Used a bidirectional per-token encoder to replace exploration through the denoising process by traditional gaussian action disturbance, ensuring fine-grained control over the action space.
Designed a new algorithm for likelihood-based reinforcement learning to remove the bias introduced by the disturbance.
Implemented isolated post-training on pi0-like VLA and applied foundation world model to improve the efficiency.

2025 – now

Tried to remove the noises and reserve task-relevant or reward-relevant information in world model by making the output more compressed.
Designed a composite reward signal including jpeg compressibility, action prediction consistency (via a custom resnet inverse action model), and value preservation to guide a diffusion world model finetuning process.
Focused on efficient and stable RL post-training on world model to improve long-horizon accuracy and downstream policy performance.

2025

Used the concepts in human cognitive psychology to design the reasoning process.
Constructed the cognitive graph / tree to represent the reasoning process and finding the better trajectory.
Used groups of samples with relative scores generated by DeepSeek R1 to train a smaller reward model.
Finetuned Qwen by RL to enhance general cognitive reasoning ability, not only on special tasks or datasets, and achieving better performance.

2024 – 2025

Proposed an expandable framework of KG construction Tree-KG, including initial construction and iterative expansion.
Achieved SOTA performance compared with existing methods such as GraphRAG, especially when using textbooks.
Paper accepted at ACL 2025 main conference, Patent pending.

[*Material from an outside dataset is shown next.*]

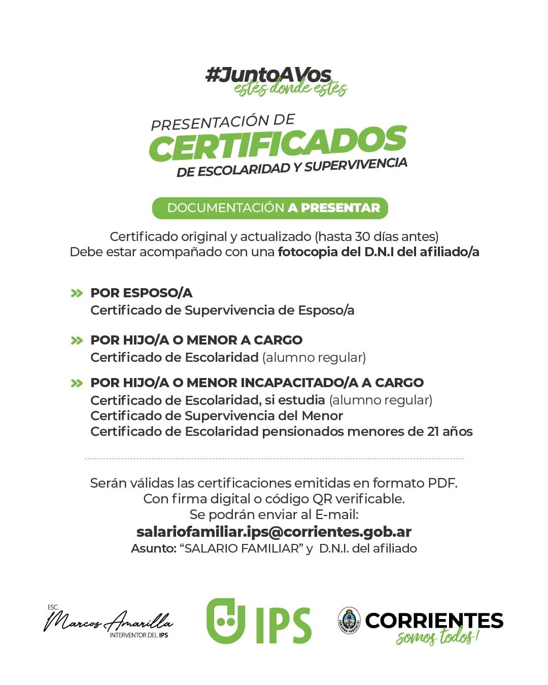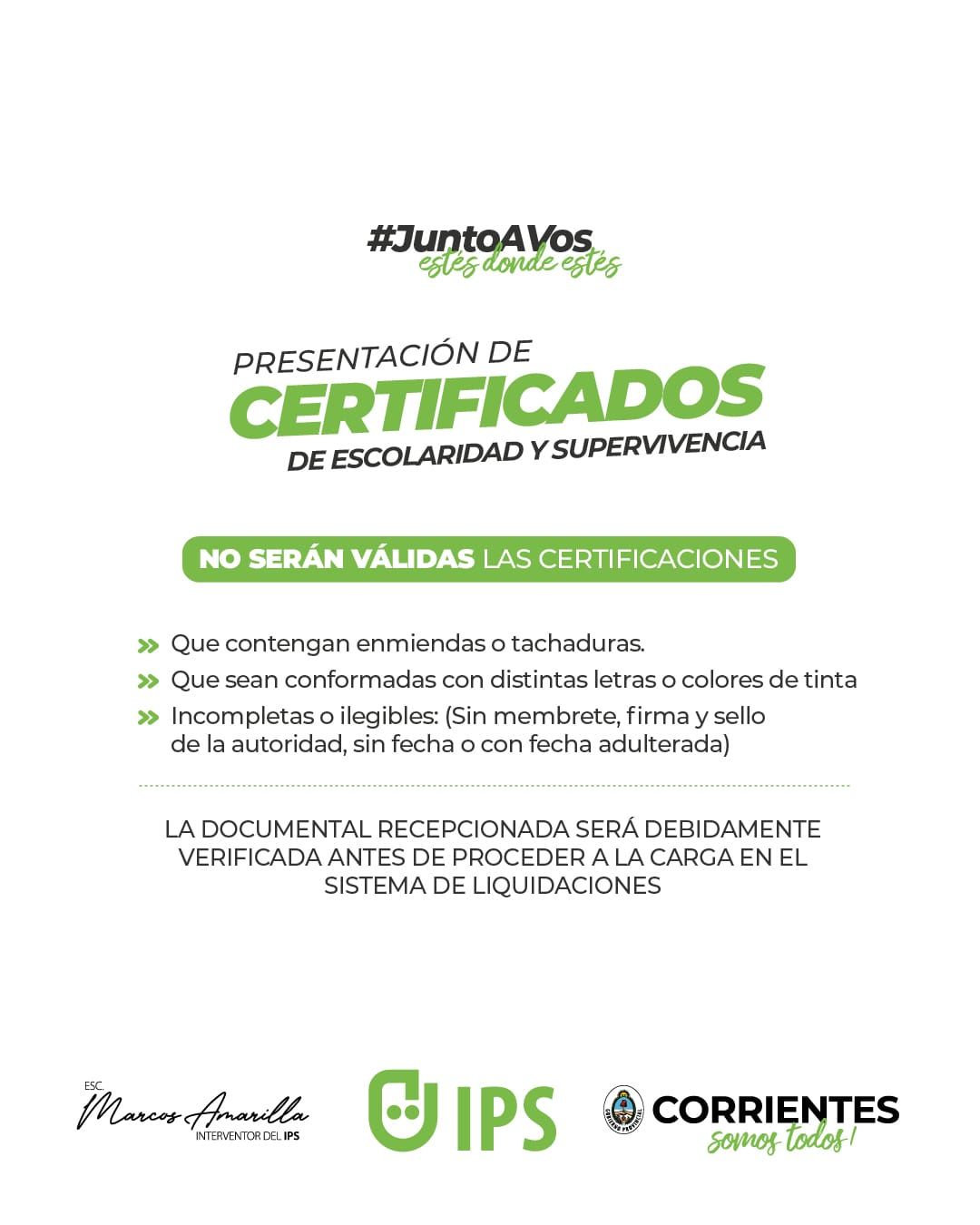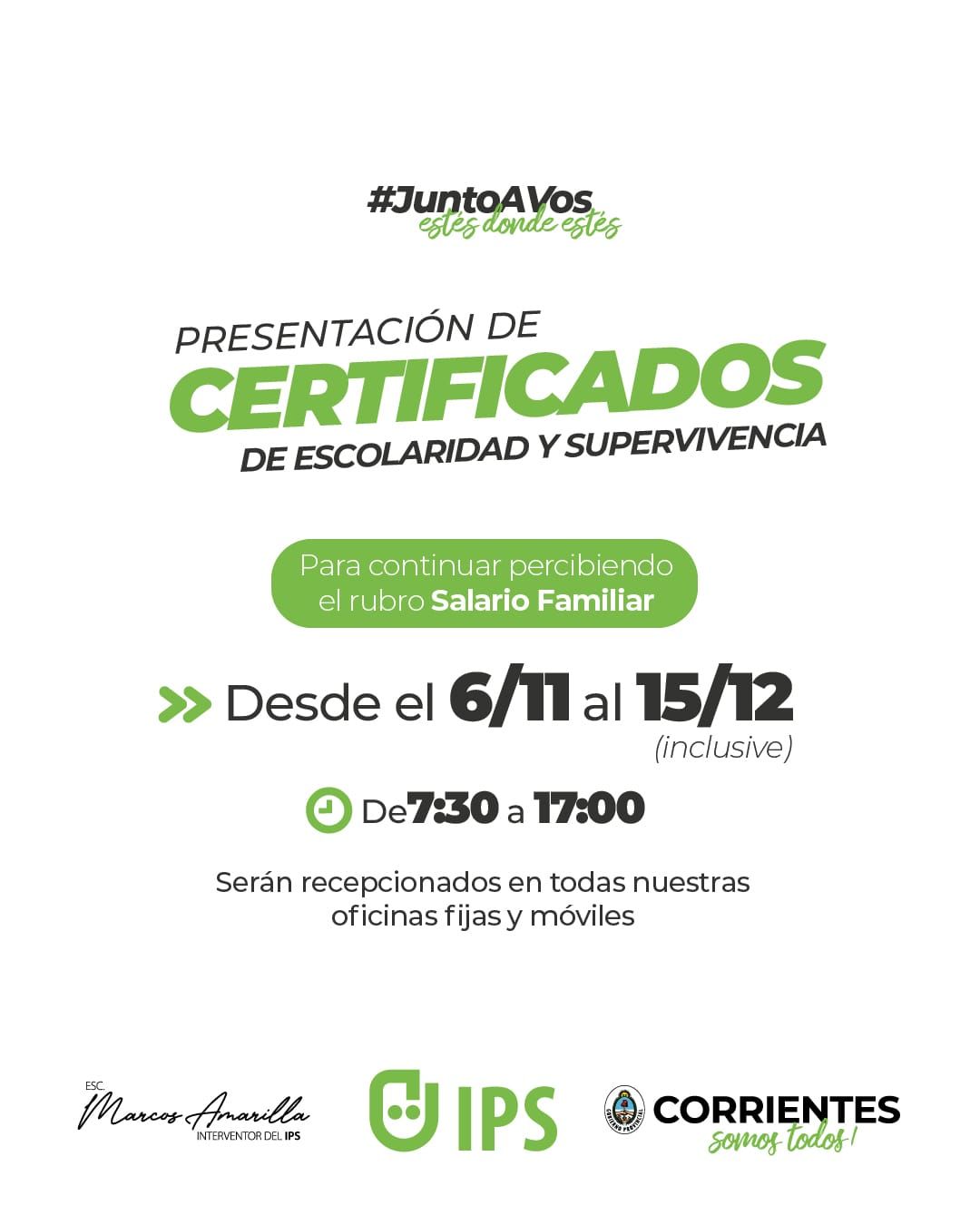 El IPSoficializa la fecha de entrega de certificados de escolaridad y supervivencia

Tsinghua University | 2024 – 2025

Developed the core Meta Agent for the university’s AI education system.

Meta Agent Architecture: Based on OpenManus, designed a high-level agent capable of formulating reusable, generalizable workflows for diverse teaching tasks (e.g., grading, course design) from single instructions.
Automated Tool & Workflow Construction: Implemented a “Tool Maker” to synthesize Python scripts as new tools, and a “Workflow Maker” to organize operations into executable graphs, enabling the system to self-expand its capabilities.
Also worked on knowledge extraction: Extracting knowledge from textbooks and other materials to build a knowledge graph for the course.

Now AI Cosmos has been used in the university’s daily academic activities, including course learning and research assistance.